In the rush to adopt AI, the greatest risk is not a flawed algorithm. More often than not, it is a leader who assumed technical accuracy meant ethical soundness, and never thought to ask the hard questions until it was too late.
Digital transformation has made artificial intelligence a priority for many companies. Yet, the most consequential AI failures of recent years share a common thread. At their core, they were not engineering failures. Instead, they were leadership failures. Someone approved a deployment without asking what the model was trained on, someone saw a warning and stayed silent, and someone trusted a vendor's assurance and called it due diligence.
When regulators come knocking, "the algorithm decided" is not a defence. Neither is "we used a vendor." AI leadership begins with understanding how AI goes wrong, and ends with owning the answer to a single question: who is accountable?

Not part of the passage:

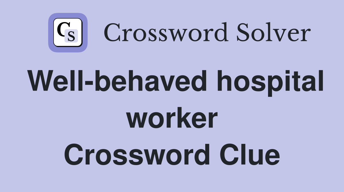 Well behaved hospital worker Crossword Clue Answers Crossword Solver

Drawn from a session with Kay Pang, CEO and Managing Director of Kay Pang Law Practice LLC, who is also an Associate Faculty at SMU Executive Development at our flagship EXCEL Leadership Programme, below are five questions every leader must ask before deploying, trusting or scaling any AI system.

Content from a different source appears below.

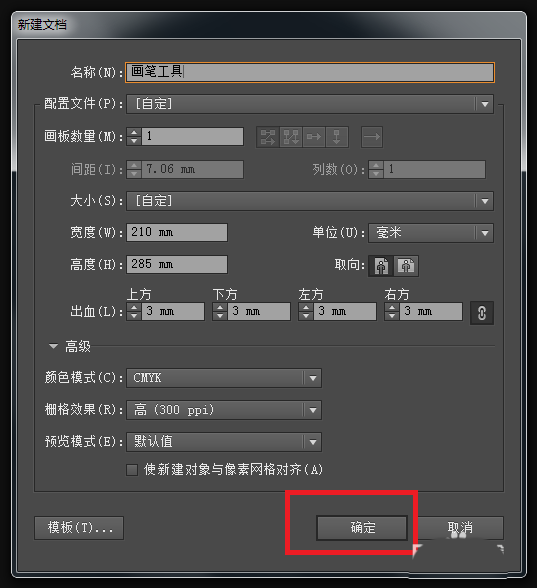 1、Ctrl + N 新建文档,设置其属性,如图所示:

1. What was the AI trained on, and whose reality does it reflect?
AI learns from historical data. However, bias lives in data, and history was often unfair. Amazon built a hiring tool to vet applicants by observing patterns in resumes submitted to the company over a period of 10 years. Due to male dominance across the tech industry, most came from men.
Inadvertently, the tool taught itself to penalise the word "women's." No one audited the model before deployment.
2. Who is accountable when this goes wrong?
If you cannot name a specific person—not a team, not a system, not a vendor—accountability does not exist. When a regulator calls, "the vendor built it, IT integrated it, the committee approved the business case" is merely a chorus of everyone pointing elsewhere.
Name an individual with the authority to monitor and suspend the system, before you sign off.
3. How would we know if the AI was failing?
AI accuracy varies by task. A radiology AI dashboard showed 93% average accuracy in trials across 23 hospital sites. But what the dashboard fails to mention that accuracy varies from 71% to 97% across
sites because no one defined what a failure signal looked like, or who would receive it.
The dashboard measured efficiency; nobody measured accuracy by site. If a system started quietly getting things wrong today, how many days before someone would know?
4. What decisions should AI never be allowed to make alone?
Define the floor of human judgment before deployment, not after a crisis. When an AI triage system classified a patient as low-priority with no clinician review, the patient deteriorated over four hours.
Map every output the AI produces, and for each one define the minimum human review required before it becomes final.
5. Is your organisation ready to be responsible for this?
Technology readiness is not governance readiness. A global firm rolled out an AI HR tool across 34 countries flawlessly, but faced works council complaints in Germany, mass overrides in Japan, and data-privacy fears in Brazil.
It deployed into a governance vacuum and discovered the vacuum the hard way. Culture and processes must precede the tool.
The Leadership Difference
AI can process vast data, find hidden patterns and operate without fatigue. But only leaders can carry moral accountability, hold ethical lines when results are commercially attractive, and make judgment calls with incomplete information.
The risk is not that AI replaces leaders. The risk is that leaders hide behind AI.
The executives who preside over tomorrow's AI failures will rarely be careless or malicious. They will simply not have known which questions to ask, and will have assumed accountability did not apply to them.
You now know the questions; and you now know the accountability is yours. What you do with that is leadership.